Properties (a) and (b) epitomize how <u>not</u> to go about designing or operating multi-processors by the numbers. Though perhaps *daunted*, we should not be *surprised* at the moribund confusion arising from a model which suppresses the dominance of first-order effects. A 300,000-plus variable linear program on just 36 nodes underscores how according equal import to a maximum number of conceivable variables is not only unscalable, but intractable when the count of nodes is – by grid computing standards – modest. Engenium Technologies never did present a solution (even if suboptimal) to the nominal  $10 \times 10$  Transmission Hypercube Barebones challenge ([34] p. 8). By contrast, and as Figure 4 details, The Right Stuff of Tahoe's FAT-tree approach outstripped all other Transmission Hypercube companies by 231%.



Figure 10: Concepts and trends, feasible regions of multi-processor design and operation, sliced along each of three dimensions.



Figure 11: *Cross strapping*, also known as *local sparing*, revisited. a) Switching and routing reflecting chip-level layout, in somewhat finer detail than that depicted by Figure 8. b) Four-variate feasible region of worst-case tolerance (*cf.* Figure 7b) to faulty nodes, broken wires, and switches stuck open and closed. In contrast with the probabilistic cases depicted in Figure 12, the worst case constraints (*i.e.*, configurability = 1, *cf.* Figure 7a) are *linear*, no matter what subset of four fault types we consider.
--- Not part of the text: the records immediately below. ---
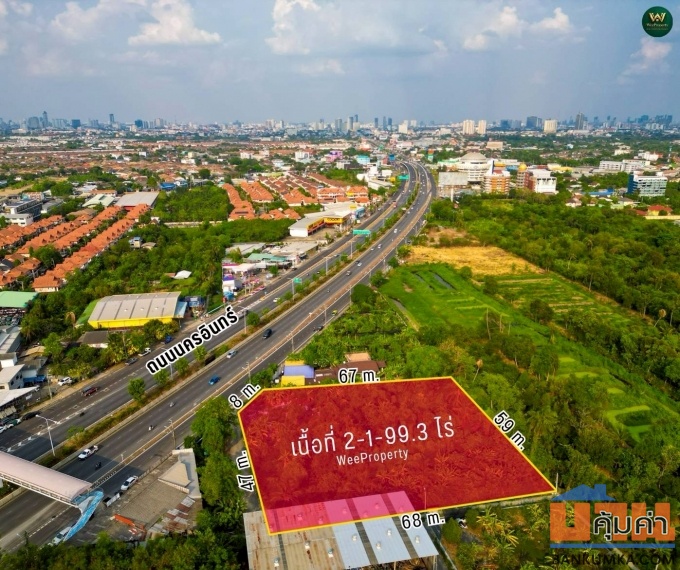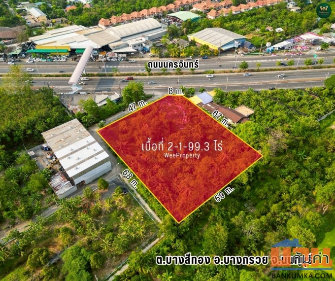 Prime land located on Nakhon In Road, one of the main routes connecting Bangkok and Nonthaburi. Surrounded by quality residential developments and large communities, ideal for both commercial and residential projects.
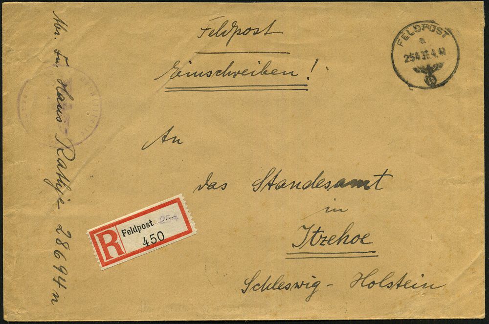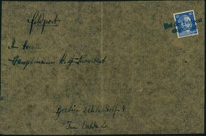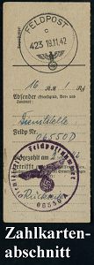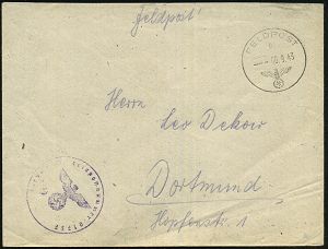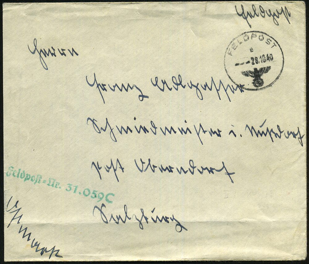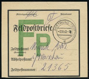 2150 | 25 € | II. WELTKRIEG (1939 - 1945) : DORTMUND PSST/ d 1940 (3.10.) 2K-Steg auf (Mi.8) zweifarbigem Vorbindezettel: FP Feldpostbriefe.. (Mi.13) an Fp.-Nr. 21365 in Minsk = Eisenbahn-Pionier-Regt. 6 (Mi.8 + 13, + 55.- EUR) | ![]() | |
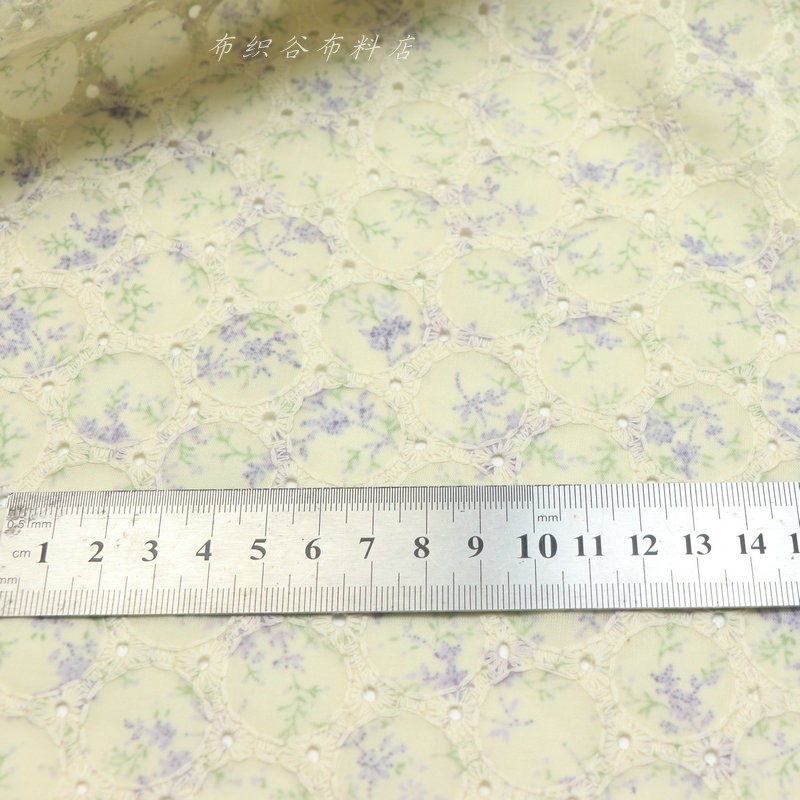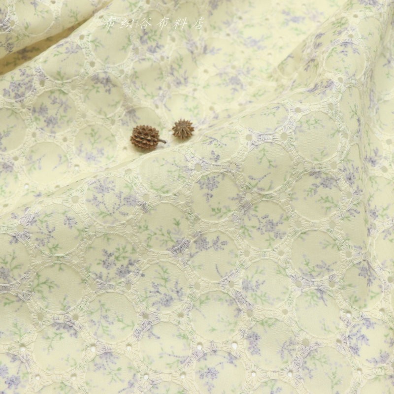 日单文艺满幅刺绣紫色小碎花涤棉布料夏季连衣裙上衣服装手工面料

Original results detailed in [29]. See Table 2 of [34] for precise meaning of order-of-magnitude Θ-notation.

Evocative of the 120-man-hours to solve Stigler's Diet Problem, property (a) on page 9 draws attention to the *computational cost* of LP problems with a large number of variables. Dantzig's simplex algorithm, along with other techniques which have been advocated, may execute in time *exponential* in the number of variables. As Figure 2 depicts, the feasible region occupies a volume whose geometric count of dimensions equals the number of variables; such exponential running time is therefore known as *the curse of dimensionality*. This poses difficulties even when we invoke the power of LP software and high-speed computers.

Computer scientists consider an algorithm executing on a single processor to be efficient if it completes in time that is polynomial in the size of its input [9]. The simplex algorithm does *not* meet this theoretical standard, even though practical problems against which it is pitted are frequently sufficiently well-behaved to engender acceptable runtime. It was for some time not known whether there *could* be a polynomial time algorithm to solve LP; this was settled in the affirmative when, in 1984 ([47] p. 289) N. Karmarker introduced his elliptical algorithm. Alas, the elliptical algorithm has yet to attain widespread adoption. The simplex algorithm remains the pervasive LP method of choice for optimizing software, and is even built into Microsoft Excel [39].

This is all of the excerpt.